在本研究中，我們提出了SAM-Med3D，一個全面的3D SAM模型，用于體積醫(yī)學圖像分割，從頭開始在一個大規(guī)模的3D醫(yī)學圖像數(shù)據(jù)集上進行訓練。我們的SAM-Med3D在不同組件中采用了3D位置編碼，直接整合了3D空間信息，并在體積醫(yī)學圖像分割上展現(xiàn)出了卓越的性能。與每個體積提供1個點的情況下的SAM相比，SAM-Med3D實現(xiàn)了32.90%的改進，表明其在需要顯著更少的提示點的體積醫(yī)學分割任務中具有出色的可用性。

此外，我們從多個角度進行了廣泛的評估，以探索SAM-Med3D的能力。對于像骨骼、心臟和肌肉這樣的各種解剖結構，當提供有限的提示時，我們的SAM-Med3D以明顯的優(yōu)勢超越了其他方法。我們的SAM-Med3D在不同的模態(tài)、各種器官和病變中始終表現(xiàn)出色。此外，我們測試了SAM-Med3D的可轉移性。在兩個常用的基準測試上驗證，SAM-Med3D有潛力作為3D醫(yī)學圖像變換器的強大預訓練模型。

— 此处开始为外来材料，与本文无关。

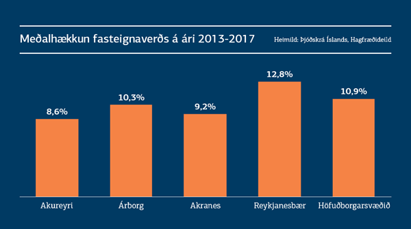 Sé litið á meðalhækkun fasteignaverðs á ári allt tímabilið frá 2012 sést að hún var mest í Reykjanesbæ, tæplega 13% á ári að meðaltali og þar á eftir kemur höfuðborgarsvæðið með um 11% meðalhækkun á ári. Hinir bæirnir koma skammt á eftir en minnsta hækkunin hefur verið á Akureyri, tæplega 9% að meðaltali á ári.
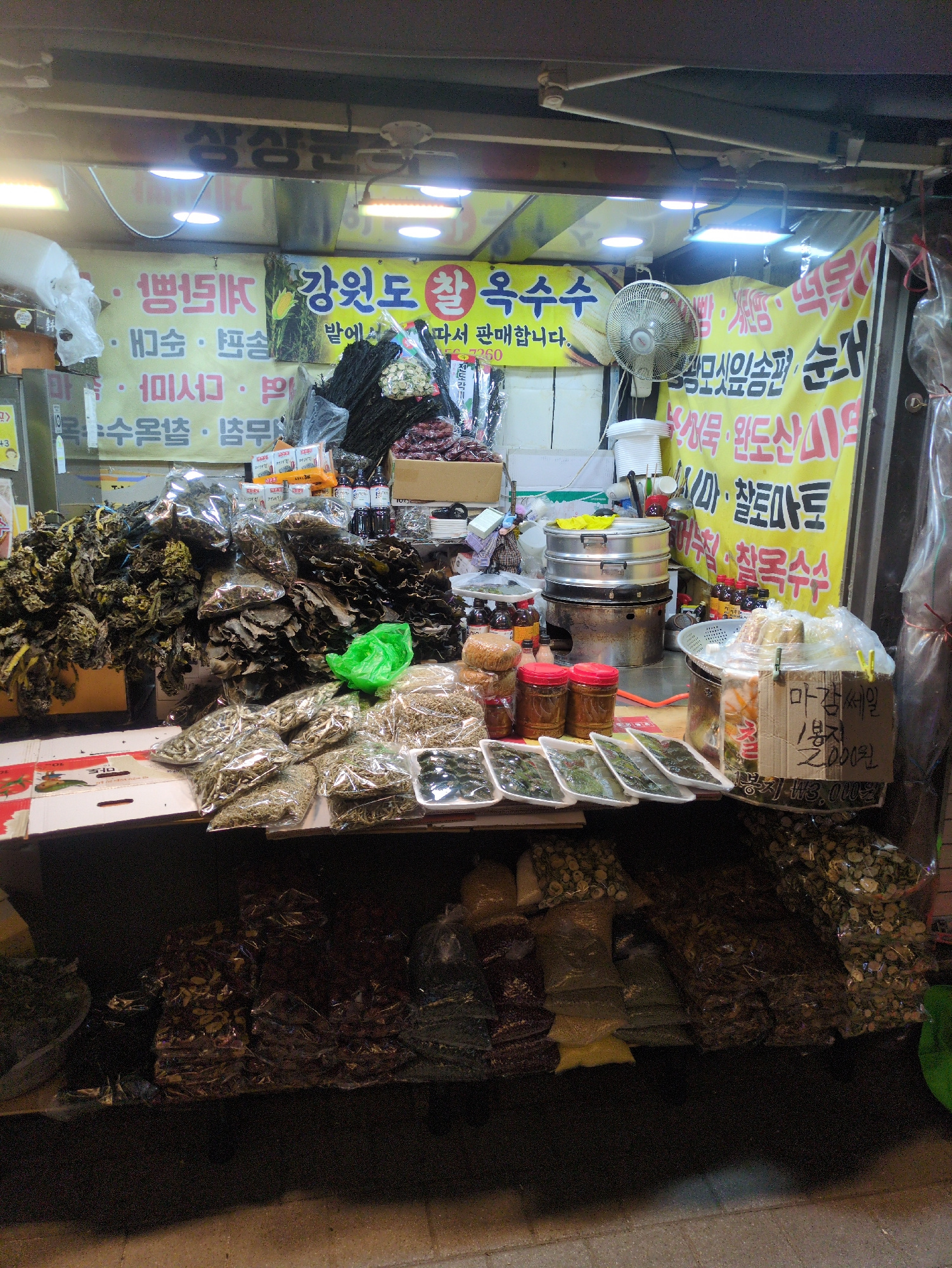 The image shows a street stall in Seoul, South Korea, selling various dried goods and prepared foods. There are multiple signs with Korean text advertising the products, including "Gangwon-do corn" an…read more

撇開2D SAM方法和我們的SAM-Med3D之間的數(shù)值結果差異不談，一個訓練有素的3D SAM模型應該天生就表現(xiàn)出更優(yōu)的切片間一致性和可用性，正如在視覺結果中觀察到的那樣。雖然3D模型提高了可用性，但在體積圖像中的提示與逐片推理中使用的密集標注的2D切片相比，傾向于更稀疏。這種稀疏性對3D模型捕捉空間信息的能力和有效利用稀疏提示提出了重大要求，從而增加了訓練的復雜性。在我們的方法中，我們通過采用完全可學習的3D結構來更好地建模3D空間中的空間信息來解決這個問題。盡管如此，仍然存在大量的未來探索途徑，如開發(fā)更適合3D情境的新型3D提示形式和訓練策略。

Method

方法

4.1 Revisit SAM?

The Segment Anything Model (SAM) presents a robust architectural design for promptable image segmentation tasks, primarily tailored for 2D natural images. SAM’s architecture can be divided into

three core components: Image encoder SAM leverages an MAE? pre-trained Vision Transformer (ViT)? to extract representations. This component utilizes 2D patch embeddings combined with learnable position encodings to turn the input image into image embeddings. Prompt encoder This module can handle both sparse (points, boxes) and dense (masks) prompts. Sparse prompts are represented using frozen 2D absolute positional encodings and then combined with learned embeddings specific to each prompt type. Dense prompts are encoded with a 2D convolution neck to generate dense prompt embeddings. Mask decoder A lightweight structure is adopted to efficiently map the image embedding with aset of prompt embeddings to an output mask. Four steps are contained in each transformer layer:

(1) self-attention on tokens; (2) cross-attention between tokens and the image embedding; (3) token?updates using a point-wise MLP; (4) cross-attention that updates the image embedding with prompt?details. After processing through the transformer layers, the feature map undergoes up-sampling and?is subsequently converted into segmentation masks using an MLP. Notably, all the transformer layers

capture only 2D geometric information during the forward pass.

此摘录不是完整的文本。